On the solution of an inverse problem simulating two-dimensional motion of a viscous fluid

An inverse initial boundary value problem for a linear parabolic equation that arises as a result of mathematical modelling of 2D creeping motion of viscous liquid in a flat channel is considered. The unknown function of time is added in the right part of equation and can be found from additional condition of integral overdetermination. This problem has two different integral identities, permitting to obtain a priori estimates of solutions in uniform metric and to proof the uniqueness theorem. Under some restrictions on input data the solution is constructed as a series in the special basis. For this purpose the problem is reduced by differentiation with respect to the spatial variable to a direct non-classic problem with two integral conditions instead of ordinary ones. The new problem is solved by separation of variables, which allows one to find the unknown functions in the form of rapidly converging series.

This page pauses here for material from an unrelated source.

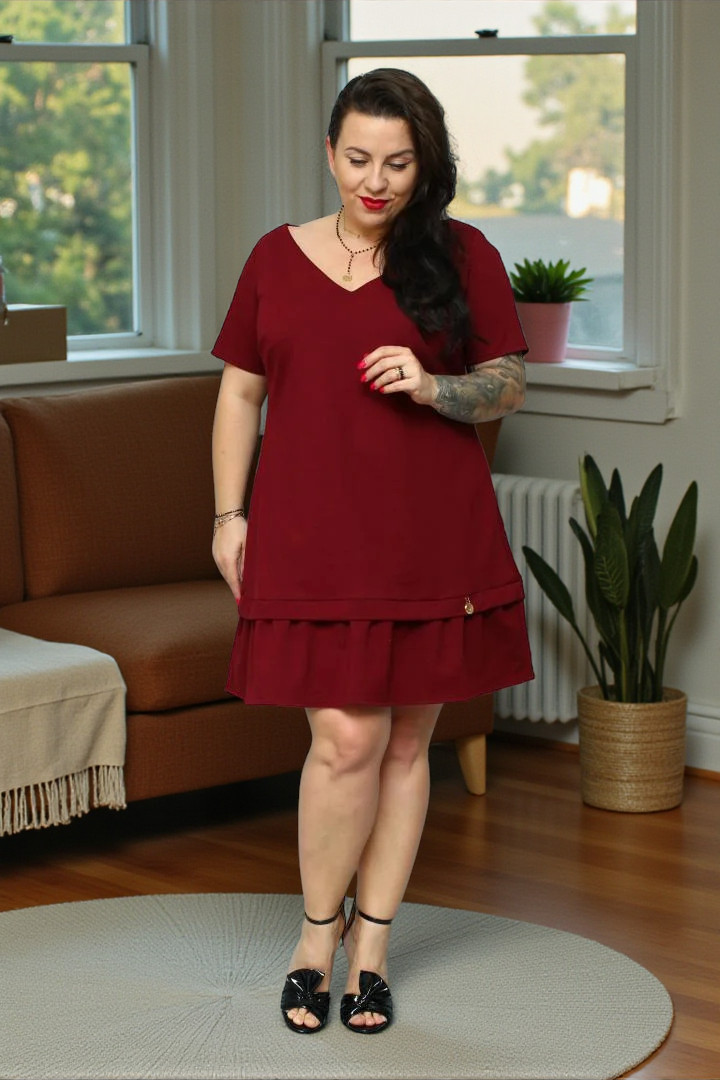 🇵🇱 Polski ProduktSukienka Anika trapezowa z falbanką 100% BAWEŁNA POLSKI DRES bordowa

Another method for solving the initial problem is to reduce the problem to the loaded equation and to state the first initial boundary value problem for this equation. In its turn, this problem is reduced to one-dimensional in time Volterra operator equation with a special kernel. It is proved that it has a series solution. Some auxiliary formulas which are useful for the numerical solution of this equation by the Laplace transform are obtained. Sufficient conditions under which the solution with increasing time converges to steady regime by exponential law are established.